Дыша часто-часто, мучаясь раскалывающейся от боли разбитой головой, Юа скреб ногтями пол, вжимался спиной в стену и сползал по той вниз, совершенно не будучи способным осознать, что только что случилось и что случиться бы могло, промешкай он еще хоть немного или поменяй чертов столб свою траекторию…

Затем, одаряя нежеланными воспоминаниями об отсутствующем одиночестве, под чужими шагами зашуршал да заскрипел перепуганный пол.

Сконфузившись, сжавшись в ядовитый ежиный клубок, Уэльс вскинул затравленные глаза. Ощерил зубы, готовый рвать за малейшую приготовленную издевку.
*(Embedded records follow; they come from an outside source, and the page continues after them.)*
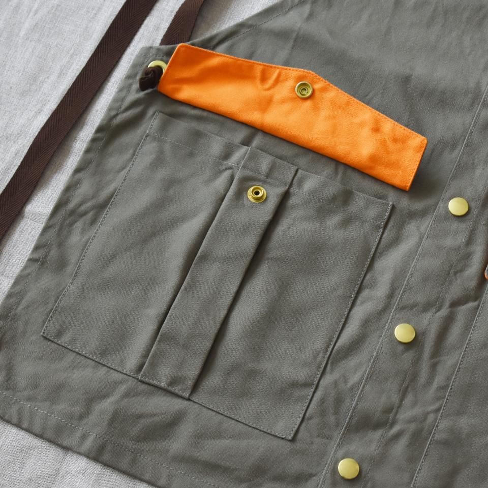 マウンテンパーカーのポケットをモチーフに、大きなポケットを配したショート丈エプロン。フラップ裏のハンターをイメージしたオレンジカラーがアクセント特徴的。シャツやジャケットを羽織った時に使いやすようにデザインされています。胸元にペン挿しポケットが二つ、胸ポケット下には、バードコールを吊り下げるモチープのリングが付いています。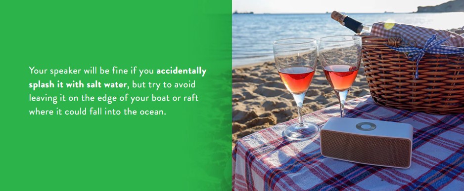 Även om även den bästa Bluetooth-högtalaren för stranden sannolikt fortfarande fungerar efter att ha varit nedsänkt i några meter havsvatten, kan de försämras med tiden eller börja rosta. Din högtalare kommer att fungera bra om du av misstag stänker saltvatten på den, men försök att undvika att lämna den på kanten av din båt eller flotte där den kan falla i havet.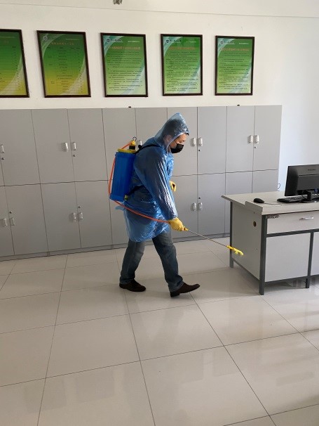 428日上午开始,中心全体老师首先领取了消毒用医用口罩、一次性手套、洗手液、消毒剂等防疫物资,按照学校防疫工作规定,定点放置在各实验室;在切断电源开关、紧闭门窗的情况下,对学院学科楼一楼、二楼全部的教学实验室,使用稀释的84消毒溶液进行整体实验室地面的喷洒消毒工作;同时,对消杀完毕的房间,作用30分钟以上后开窗通风。地面消毒完成后,实验中心老师轮流作业,先用酒精湿巾对仪器设备、桌椅、门窗把手等接触部位进行消毒作业,然后对地面进行卫生清洁,尽最大可能不留死角盲区。

Поприветствовал сучьего лиса осевшим затраханным матом, застрявшим где-то у подножия импульсивно сокращающегося горла.

После – шатнулся было прочь, да только не справился, не успел, не смог: тихонько взвыл от ломкой боли во всем – ушибленном и перешибленном – теле и остался сидеть, где сидел, намертво пригвожденный к затопляемому дождливыми рыданиями месту.

И когда Рейнхарт осторожно опустился напротив него на корточки и так же осторожно притронулся пальцами к щеке, принимаясь неторопливо ту выглаживать, вопросительно заглядывая в черные стихающие глаза, Юа почувствовал, как выпивающая до дна усталость, похожая на теплый и грустный олений мох, схватила и сковала его руки и ноги, разум и сердце, заставляя на время и самому обернуться странным, вязким и топким мшаным существом и принять каждую каплю проливаемой с дышащего человечьего неба ласки.

– Что… будешь меня убивать теперь…? – с опущенными веками, беззащитный и по-своему доверившийся да смирившийся, пробормотал он, уверенный, что лучше лучшего знает, какой последует ответ.

Однако качание лисьей головы он уловил даже сквозь ресницы и, тут же удивленно те вскинув, недоверчиво сощурился, вглядываясь в сузившиеся лунки-месяцы иных провальных зрачков.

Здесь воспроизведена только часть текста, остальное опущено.